Starbucks investors seek clarification from incoming CEO on union and cafe reviews


NEW YORK, Nov 3 (Reuters) – New CEO Laxman Narasimhan took the stage at Starbucks Corp’s (SBUX.O) Seattle headquarters in September, telling investors he would maintain the company’s mission.

But the 10-year veteran of the consumer business did not say what steps he would take to deal with a growing labor movement, or help the coffeehouse chain meet ambitious sales targets as it overhauls its cafes .

Narasimhan, former CEO of British Lysol maker Reckitt, joined Starbucks’ payroll on October 1. He recently visited Starbucks cafes in London, Seattle and Long Island in New York, where he began training as a barista, according to LinkedIn posts. He also attended a conference for more than 2,000 Starbucks district managers, according to a company blog post.

Starbucks shares have been roughly flat at $84.58 since Sept. 1, when Starbucks announced Narasimhan’s appointment. Investors who spoke to Reuters ahead of his quarterly results on Thursday said they hoped to hear details about his approach to the union and overall business goals, although he is not expected to speak. He takes over as CEO on April 1.

Last month, Starbucks said it was aiming to generate 7% to 9% sales growth globally through 2025, despite intense competition from rivals including Dutch Brothers. (BROS.N) and McDonald’s Corp. (MCD.N).

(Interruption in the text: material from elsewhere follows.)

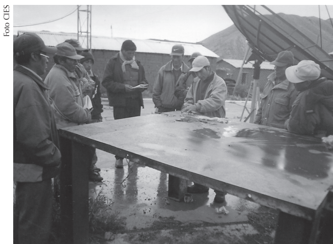
Los trabajadores con contrato permanente tendrían una condición superior en 0.36% con respecto a los trabajadores sin contrato; mientras que los trabajadores con contrato fijo tendrían un ingreso superior en 0.3% con respecto a los trabajadores sin contrato.

En lo referente a la reducción de la pobreza por tipo de contrato, las mayores reducciones ocurrieron para los trabajadores con contrato fijo (3.80%), seguidos de los trabajadores sin contrato (3.6%) y los trabajadores nombrados o con contrato indefinido (2.02%). Estas reducciones se explican en un 97.36% por la varia-

Employees at at least 250 locations owned by US companies voted to unionize last year after campaigning for better working conditions. Outgoing chief executive Howard Schultz responded by calling unions “third parties” and saying the company was “in a battle for the hearts and minds of our employees.”

Jake Dollarhide, co-founder of Longbow Asset Management, told Reuters he was not bothered by tensions around the union. “I want [Narasimhan] to maximize shareholder value,” he said.

Dollarhide, some of whose clients own Starbucks stock, wants to see Narasimhan expand Starbucks’ canned and bottled beverage business, pushing products such as $3.38 Nitro cold brew and $2.98 Tripleshot Energy. $ deeper into retailers, including Kroger Co. (KR.N). In 2015 at PepsiCo Inc. (PEP.O)Narasimhan championed a deal for PepsiCo to distribute Starbucks ready-to-drink beverages in Latin America.

Four investors whose funds embrace social causes told Reuters they hoped Narasimhan would bring a softer stance to talks with the union. This, they said, could help improve employee retention at a time when Starbucks is restructuring its cafes and needs to keep operations running smoothly.

“It would mean a lot if one of the first things he said was, ‘I went and talked to the workers in our stores, I heard their concerns about safety, wages, health care,’ said Christian Greiner, sub-advisor to Azzad Asset Management’s large-cap growth fund, which has a $2 million stake in the company.

Starbucks did not respond to a request for comment. The company previously said it was listening and investing heavily in its employees, including spending on new equipment to make coffee faster and raising the average minimum wage to nearly $17 an hour.

He also said he respects the choice of workers to join a union and is committed to bargaining in good faith.

There is little in Narasimhan’s track record or in his public remarks offering any clues as to how he will handle workers’ grievances. In negotiations, which began last week at dozens of stores, baristas plan to seek lower health insurance costs, reliable work schedules and more transparency before employees are laid off, employees say. involved in the talks.

When Narasimhan led PepsiCo in Latin America from 2015 to 2019, workers at a Guatemalan Frito Lay plant formed an independent union, with nearly 900 of its 1,300 employees, according to union officials in Guatemala, a relatively small market for the company. PepsiCo initially did not recognize this union, but signed a three-year deal with it in 2018.

Starbucks’ board first scouted Narasimhan as a potential successor to former CEO Kevin Johnson before Johnson retired in March – and before workers sought union recognition, two sources familiar with the company told Reuters. case.

Jonas Kron, director of advocacy at Trillium Asset Management, which owns about $48 million in Starbucks stock, said Narasimhan had “wiggle room where Schultz had none” because he “didn’t not tie his own personal identity or professional reputation to this hostility to unions as Schultz did.”

Currently, Schultz’s position is “dividing the workforce,” said Dieter Waizenegger, executive director of SOC Investment Group, which works with union pension plans that own about $156.6 million in Starbucks stock.

Kron and three other investors filed a shareholder proposal last month asking Starbucks’ board to hire an independent third party to assess its compliance with labor standards in its 2020 Global Human Rights Statement.